Tokoh  

Harmonisasi ala Lasem

Harmonisasi ala Lasem“Saya ini lebih Jawa daripada istri saya.” Sepenggal kalimat pendek tersebut meluncur dari bibir Pak Sigit Witjaksono, seorang pria ramah dan berkharisma yang saya jumpai dalam sebuah kunjungan singkat ke Lasem, pertengahan Maret lalu. Pak Sigit kemudian memamerkan kotak berisi koleksi VCD dan DVD wayang kulit miliknya. Koleksinya sangat lengkap, terutama untuk ukuran orang Jawa seperti saya yang kurang akrab dengan pertunjukan wayang kulit.
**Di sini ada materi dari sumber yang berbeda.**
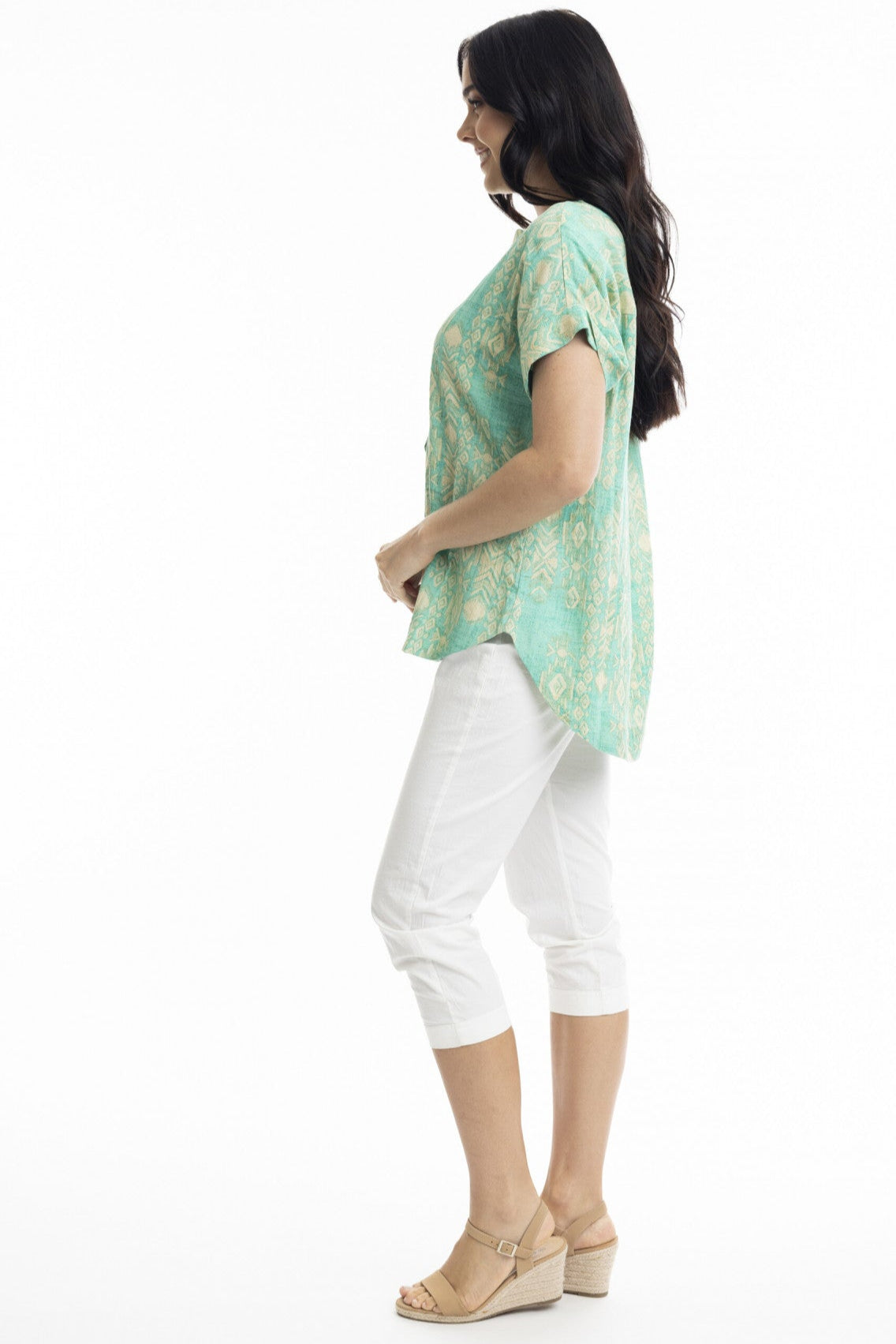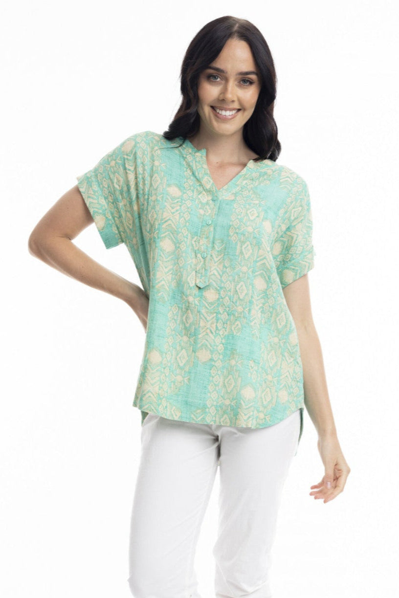 Brighten up your summer collection with our Hanalei top. Featuring a stylish mandarin collar and short cuffed sleeves, its relaxed shape ensures all-day comfort and effortless charm, making it the perfect addition to your everyday wardrobe.

Ada Ki Anom Suroto, Ki Manteb, Ki Narto Sabdo, Ki Enthus Susmono dan dalang-dalang kondang lainnya.

“Saya paling  suka dengan Bayu Aji, anaknya Anom Suroto. Sabetannya mantap sekali. Dulu setiap malam Minggu saya sering menyempatkan nonton pertunjukan wayang kulit. Beberapa kali saya juga sempat nonton pertunjungan wayang orang di Taman Sriwedari Solo. Kalau malam saya juga suka mendengarkan siaran wayang kulit di radio. Tapi nyetelnya gak berani keras-keras, soalnya istri saya tidak suka wayang. Makanya saya tadi bilang, saya ini malah lebih Jawa daripada istri saya,”  urainya.

Saya menyimak dengan seksama setiap penggal cerita Pak Sigit dalam percakapan di beranda rumahnya yang klasik. Kami tak cuma ngobrol berdua, ada juga Nia, seorang mahasiswi UGM yang tengah melakukan penelitian di Lasem. Sesekali terselip parikan-parikan Jawa dalam cerita Pak Sigit. Dalam hati saya merasa kagum sekaligus malu. Bagaimana tidak, kisah-kisah wayang dan parikan Jawa itu meluncur dari seorang pria Tionghoa yang tak mempunyai darah Jawa dalam tubuhnya. Saya yang asli Jawa pun kalah. Pak Sigit adalah salah seorang sesepuh Tionghoa yang disegani di Lasem. Usianya sudah senja, menginjak 84 tahun. Pendengarannya pun sudah tak terlalu tajam. Namun, semangatnya belum meredup. Wajahnya selalu berbinar saat mengisahkan lika-liku perjalanan hidupnya.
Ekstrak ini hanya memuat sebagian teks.